Rusya-Ukrayna savaşı, milyonlarca sivili yerinden etti. Ukraynalı mülteciler, çatışmalar nedeniyle çareyi komşu ülkelere sığınmakta buluyor. Wall Street Journal gazetesi, Ukrayna’dan mülteci akınının, Avrupa’nın onları ağırlama kapasitesini sınadığını yazdı. 3.5 milyondan fazla sivilin Ukrayna’yı terk ettiği belirtilerek, bu durumun kıta genelinde insani yanıt üzerindeki baskıyı artırdığına dikkat çekildi.
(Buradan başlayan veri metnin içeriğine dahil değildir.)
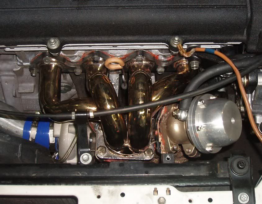 sorry dude , hard to say but that is wat is known as an ss autochrome manifold, that is wat i used with my turbonetics t04e in my first integra turbo , i didnt break it but i will be replacing it , i recommend you do the same as they are cheap crap, as for making 200kw , i am process of doing more than that but on a fully built motor, the most youll make with that kit will be around the 140-150kw mark , but dont expect to much more, but nice goin so far looks good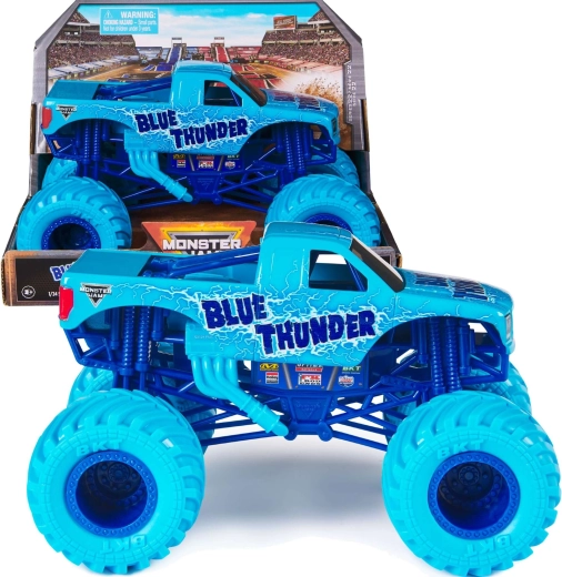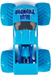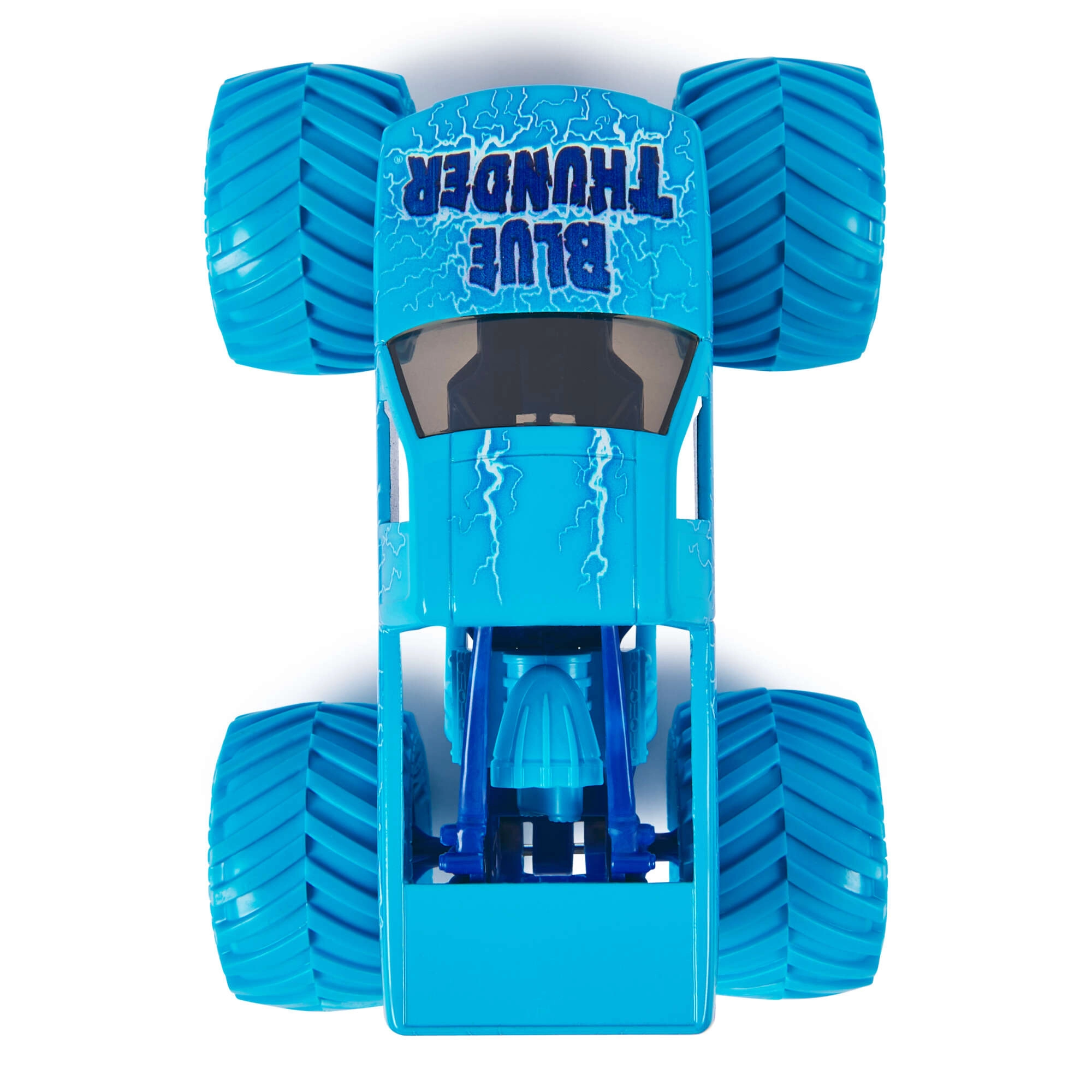 Das stabile Metallchassis mit den charakteristischen Blue-Thunder-Blitzen und der offiziellen MONSTER JAM Lizenz sorgt für authentische Optik und Haltbarkeit bei intensivem Spiel.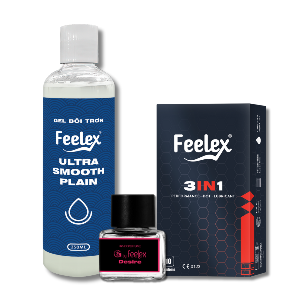 Không cần lăn tăn chọn từng món riêng lẻ. Combo này đã được Feelex thiết kế sẵn để phối hợp nhịp nhàng, hỗ trợ tối đa từ A đến Z trong mỗi cuộc yêu.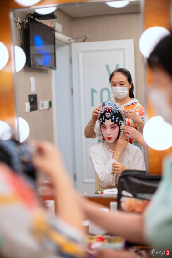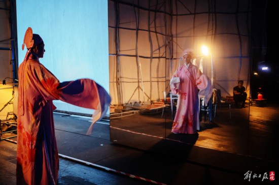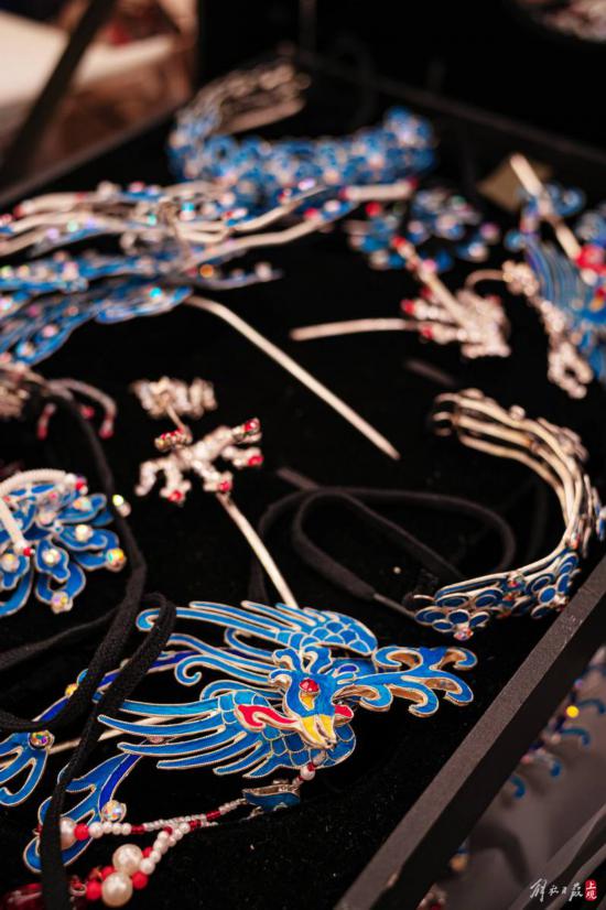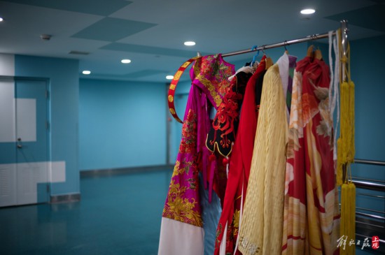 化妝桌上擺放著杜麗娘華美的頭飾,后臺過道里掛著精致的戲服,今天它們將與演員們一起登臺亮相。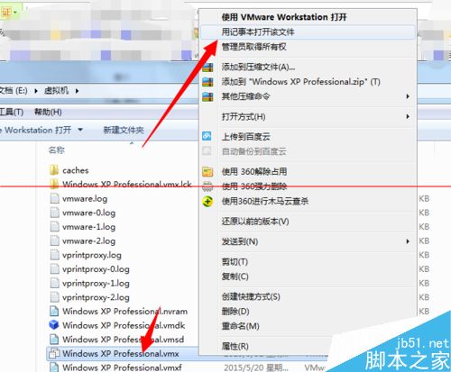 4、右鍵點擊虛擬機文件,選擇【以記事本方式打開】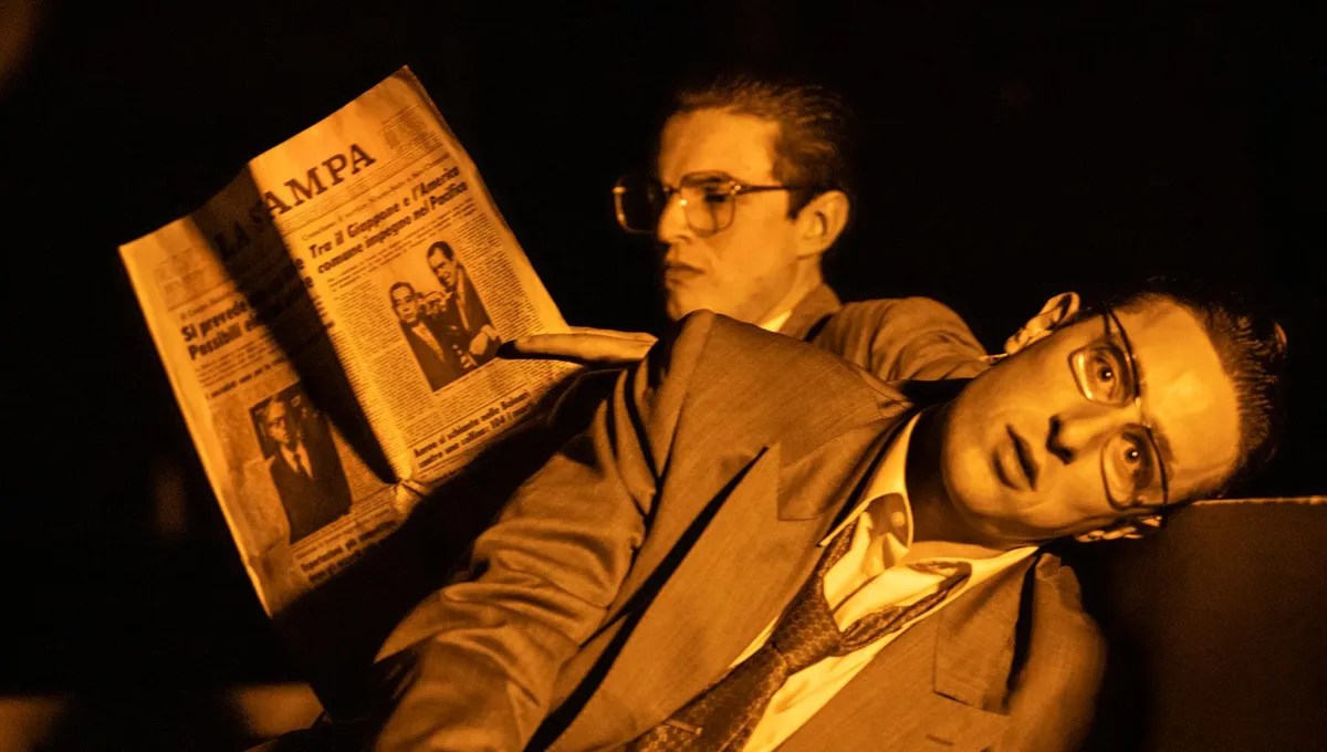 La séquence suivante dans la représentation montre une fête qui réunit plusieurs personnalités du monde politique et des affaires en Italie dans les années soixante (y compris du monde de la presse, préfiguration de ce que deviendra le pouvoir plus tard avec l’omniprésence pendant de longues années de Silvio Belusconi, et jusqu’à aujourd’hui en France où Bolloré règne en maître sur nos esprits). Une femme, madame F ., domine le groupe, elle est très agitée et porte des lunettes noires. Guido Calasegno, ex-camarade de classe de CarloValetti pilote son ami dans le salon de madame F. Le vice-directeur de l’ENI, Aldo Troya, est présent parmi les invités. Il succède à Enrico Bonocore, lequel a succombé dans un accident d’avion. Ceux qui se souviennent de cette époque lointaine feront le rapprochement avec le fameux Enrico Mattei, ex-président de l’ENI, disparu mystérieusement (le cinéma italien s’est déjà emparé de cette affaire par le passé, cf. le film de Francesco Rosi, palme d’or à Cannes en 1972, « l’Affaire Mattei »). Une fois entré dans ce monde de la finance, de l’industrie et de la politique, reste à Carlo d’y faire son trou et d’y faire carrière. Ici une formidable parabole prend place : celle de la rencontre avec Dieu, à moins que ce ne soit le Diable (et réciproquement!). Le passage en question, qui est contenu dans la note 34bis, est le « premier conte sur le Pouvoir ». C’est l’histoire d’un intellectuel, dit le récit, « qui cherche à atteindre dans sa vie des buts grandioses » et qui, une nuit, se réveille avec au pied de son lit, une Force Obscure. Laquelle lui demande quel est le but de sa vie, et qui, face à ses tergiversations, lui assène que bien sûr le but de sa vie est le Pouvoir. Surpris, le personnage acquiesce (« puisque tu le dis… »). Alors la Force Obscure se propose de l’aider et pour cela lui demande par quel moyen il souhaite accéder à ce but. Le prestige littéraire ? L’emploi dans une grande entreprise ? La politique ? Et non, dit-il au Diable (car c’est bien du Diable qu’il s’agit), c’est par la sainteté qu’il souhaite arriver. Et dès le lendemain matin, il commença sa carrière de saint, dit l’histoire. Ayant aussitôt à tenter de concilier l’inconciliable, comme la Foi et l’Espoir d’un côté et la Charité de l’autre, mais cela ne faisait rien, il était dans la sainteté réelle, au point qu’une autre nuit, c’est une Force Lumineuse, non plus Obscure qui l’accueillit, et que lui fit la révalation des révélations : la figure du Diable n’était qu’une ruse, pour mettre les gens à l’épreuve, seul Dieu existait et cette Force était Dieu. Notre Héros ne se sent plus de joie. Maintenant que tu sais… va, retourne sur terre dit la Force Lumineuse, mais une seule condition : en t’en allant, ne te retourne pas. Mais bien sûr, on l’a compris, le héros en partant va se retourner.. et ce qu’il verra c’est bien la figure du Diable qui se gondole doucement en se moquant de lui.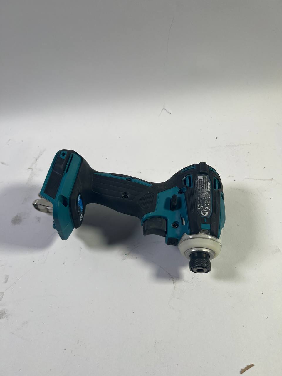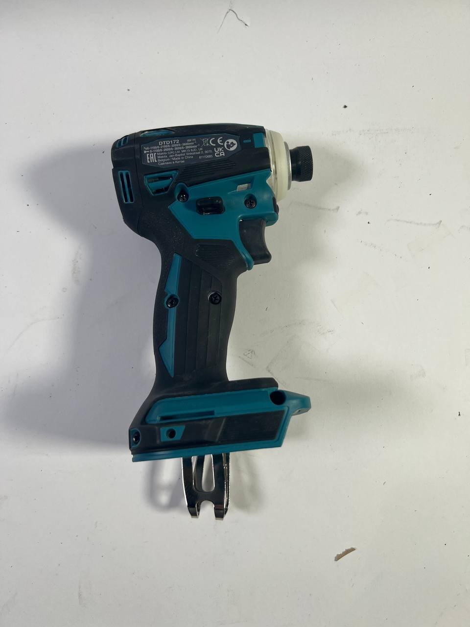 La DTD 172 de Makita es una llave de impacto inalámbrica extremadamente compacta y ligera con un vástago de 1/4". Gracias a su nuevo sistema de montaje de puntas con un solo toque, es especialmente fácil de usar. Con un par de apriete máximo de 180 Nm, es ideal para atornillar de forma rápida y eficaz. Una característica especial de la DTD 172 es la brillante luz de trabajo LED, que no sólo ilumina perfectamente la superficie de trabajo, sino que también puede utilizarse como lámpara de mano. Así siempre tendrá una visión perfecta de su trabajo. Gracias al mango de goma, la llave de impacto se adapta cómodamente a la mano, lo que facilita el trabajo. El nuevo botón de cambio rápido situado justo encima del interruptor permite cambiar rápidamente entre el modo registrado y el modo de aplicación actual. También se ha mejorado el portapuntas. Dos rodamientos de bolas mantienen la broca en su sitio y reducen los molestos bamboleos. El motor sin escobillas de la llave de impacto adapta eficazmente el par y la velocidad a las necesidades cambiantes. Otra ventaja de la DTD 172 de Makita es la protección contra descarga profunda. La herramienta se desconecta automáticamente cuando la batería está casi vacía. Esto garantiza una larga vida útil de la batería.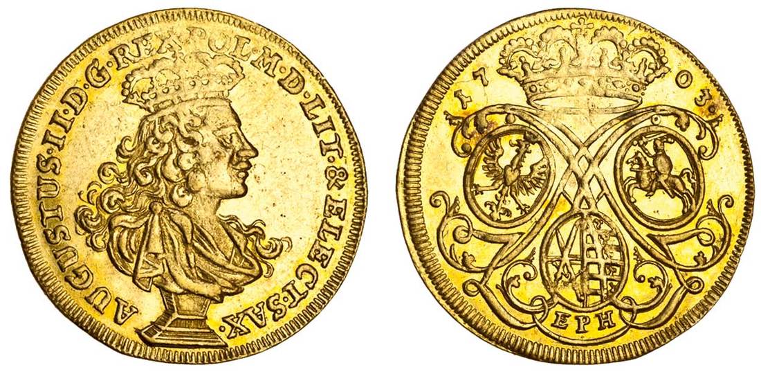 Poland, Friedrich August I (Augustus II) (1697-1733), Ducat, 3.47g, 1703, struck at Leipzig, augustus. ii. d. g. rex. pol. m. d. lit. & elect. sax., crowned and draped bust on pedestal right, rev. crowned shields of Saxony, Poland and Lithuania (F.2813 (Saxony); H.CZ.2627 -R5), mount removed at 12 o'clock, good very fine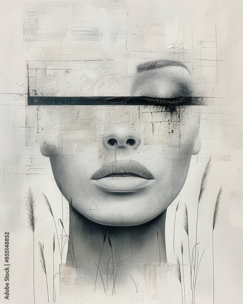 Abstract Neo-Surrealist Art Ethereal Woman's Face Merged with Nature Elements, Featuring Bold... #855148852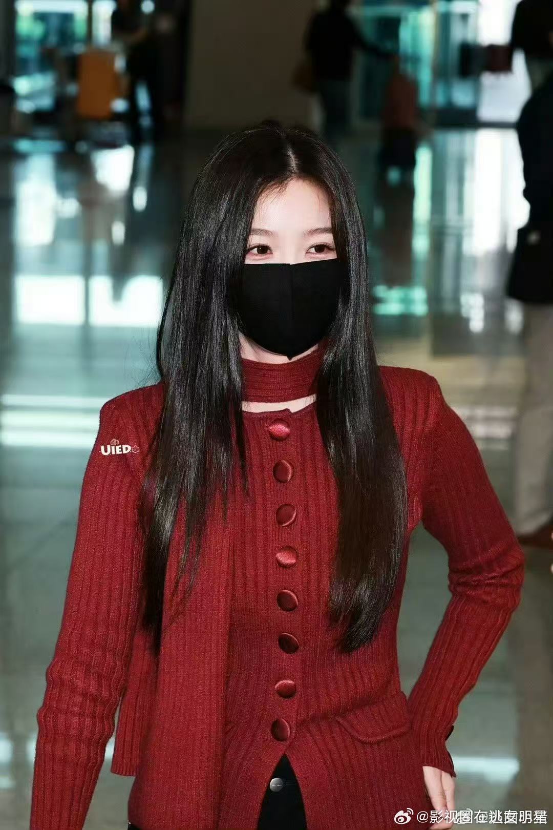 虞书欣首尔机场红衣出发路透红毛衣欣欣~好有秋冬氛围感!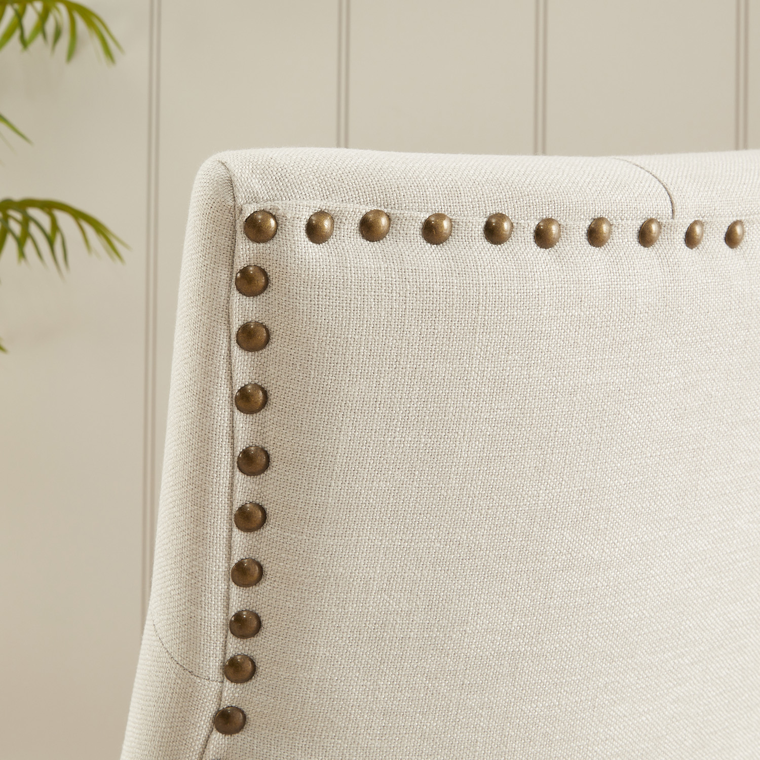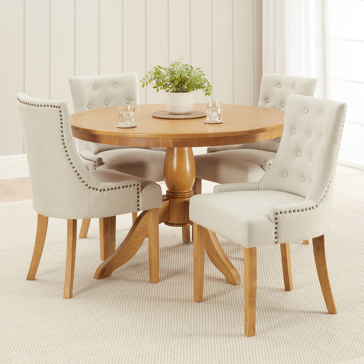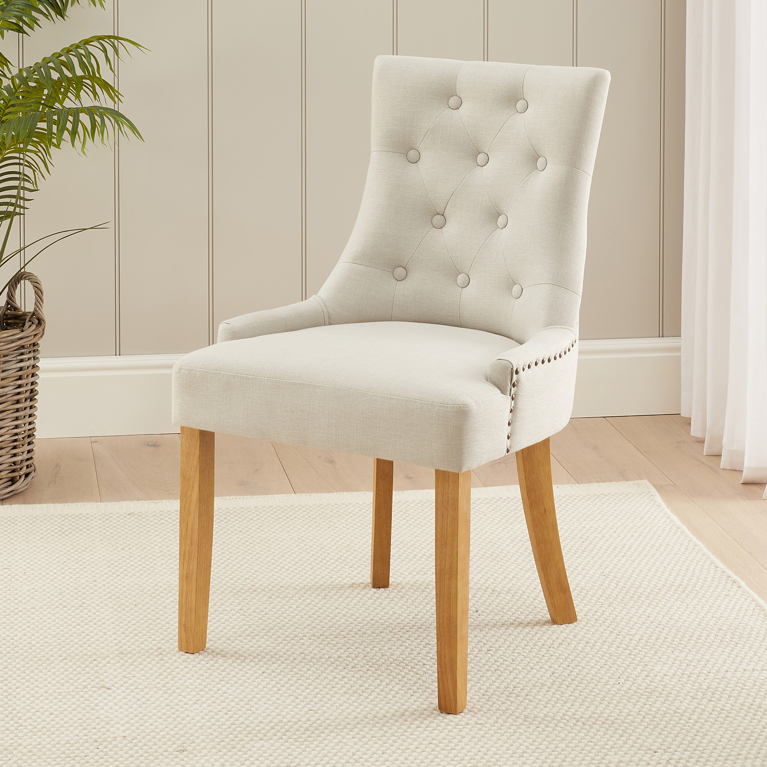Natural Linen Fabric Scoop Back Dining Chairs – The Luxurious dining chairs are very comfortable due to the curved scoop back design and button upholstered back rest. They are hand upholstered in a high quality natural linen fabric that is easy to clean and robust for everyday use. The chairs have bronze stud detailing on the back and sides and the legs are made from solid hardwood and have a natural oak finish.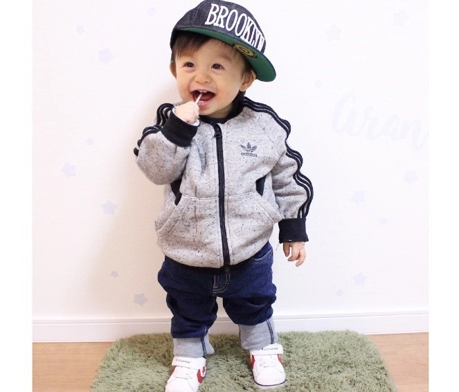 @aran__mamaさんのお子さんのジャージコーデです。このときはまだ1歳4カ月。1歳にして大人顔負けな着こなしをしています。女の子コーデのときにも紹介した不動の人気ブランド、アディダスのジャージに『LEVI'S(リーバイス)』のデニム、コンバースの靴を合わせています。
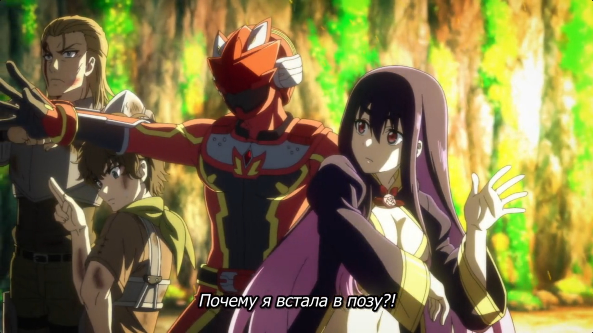 Изначально сложно предсказать о чём будет повествование, непонятная каша разных архетипов и троп. После просмотра подвести всё под короткое описание так же тяжело, но ясно одно - мне понравилось. Здесь есть комедия, экшн, драма... и, к моему удивлению, романтические отношения и персонажи которые развиваются. Лично для меня отношения персонажей здесь были самой интересной частью, включая флэшбэки гг, которые показывают его отношения с командой Рейнджеров. Один из главных плюсов - главный герой не дурак. Да, он конечно на каждом углу кричит про "силу дружбы", но он способен понимать эмоциональное состояние и чувства окружающих, он способен использовать логику и здравый разум. Персонажи развиваются и меняются на протяжении истории, они делают выводы, получают уроки и узнают что-то новое о себе и других. Я не знаю когда я последний раз вообще что-то такое видел и это классно. При этом набор второстепенных персонажей не безликие NPC, а вполне самодостаточные личности, взаимодействия которых также интересно наблюдать. Однако, это комедия, поэтому драма и отношения качественно сбалансированы абсурдным юмором. Этот юмор присутствует в равной мере от начала и до конца, хоть ближе к концу понемногу замещается драмой.

Eşi ve iki çocuğuyla savaştan kaçan Olga Nychyporenko, en çok Ukraynalı mülteciye ev sahipliği yapan Polonya’daki durum için “Tıklım tıklım dolu.” şeklinde ifade kullandı. Avrupa Birliği (AB) ülkeleri, İkinci Dünya Savaşı’ndan bu yana kıtadaki en büyük insan hareketi olan Ukrayna’dan kaçan 3,5 milyondan fazla mülteciye destek sözü verdi. Ancak, bu kaynakların devreye alınmasının AB’nin kıta çapında insani müdahale sırasında iş birliği yapma kapasitesini test ettiği kaydedildi.
Brüksel’in hedefinin, Ukrayna’ya komşu ülkelerdeki insan akınını önlemek olduğu, bununla birlikte dördüncü haftasına giren Rusya-Ukrayna savaşının AB’nin çabaları üzerindeki baskıyı artırdığı aktarıldı. Savaşın ilk günlerinde Ukrayna’dan ayrılanların AB ülkelerinde akrabaları ya da arkadaşlarının olduğu, fakat sonradan ayrılmak zorunda kalanların ise söz konusu ülkelerde bağlantı eksikliği yaşadığı anımsatıldı. Bu durumun, hükümetler üzerinde daha fazla “yük oluşturacağı” anlamına geldiği belirtildi.
Yale Üniversitesi’nde Rus ve Avrupa Çalışmaları alanında çalışmalar yürüten Thomas Graham, Doğu Avrupa ülkelerinin insan akınıyla başa çıkmasına yardım etmelerinin, AB için temel bir sınav olacağını söyledi. Graham, “Bunu sosyoekonomik ve politik bir blok olarak kendi geleceklerinin çıkarına uygun şekilde ele almak zorundalar.” dedi. Polonya Göç Forumu Başkanı Agnieszka Kosowicz, Polonya’nın Ukraynalıları karşılamasının giderek zorlaştığı konusunda uyardı. Batı Avrupa hükümetlerinin Polonya’daki Ukraynalı mültecilerin batıya ulaşmaları konusunda daha fazlasını yapması gerektiğini savunan Kosowicz, şunları dile getirdi: “Daha güvenli olurlar ve daha iyi takip edilirler. Ayrıca, insanları dil açısından profillemek çok mantıklı olur. Fransızca bilen biri varsa, onları Almanya yerine Fransa’ya göndermeniz daha mantıklı.”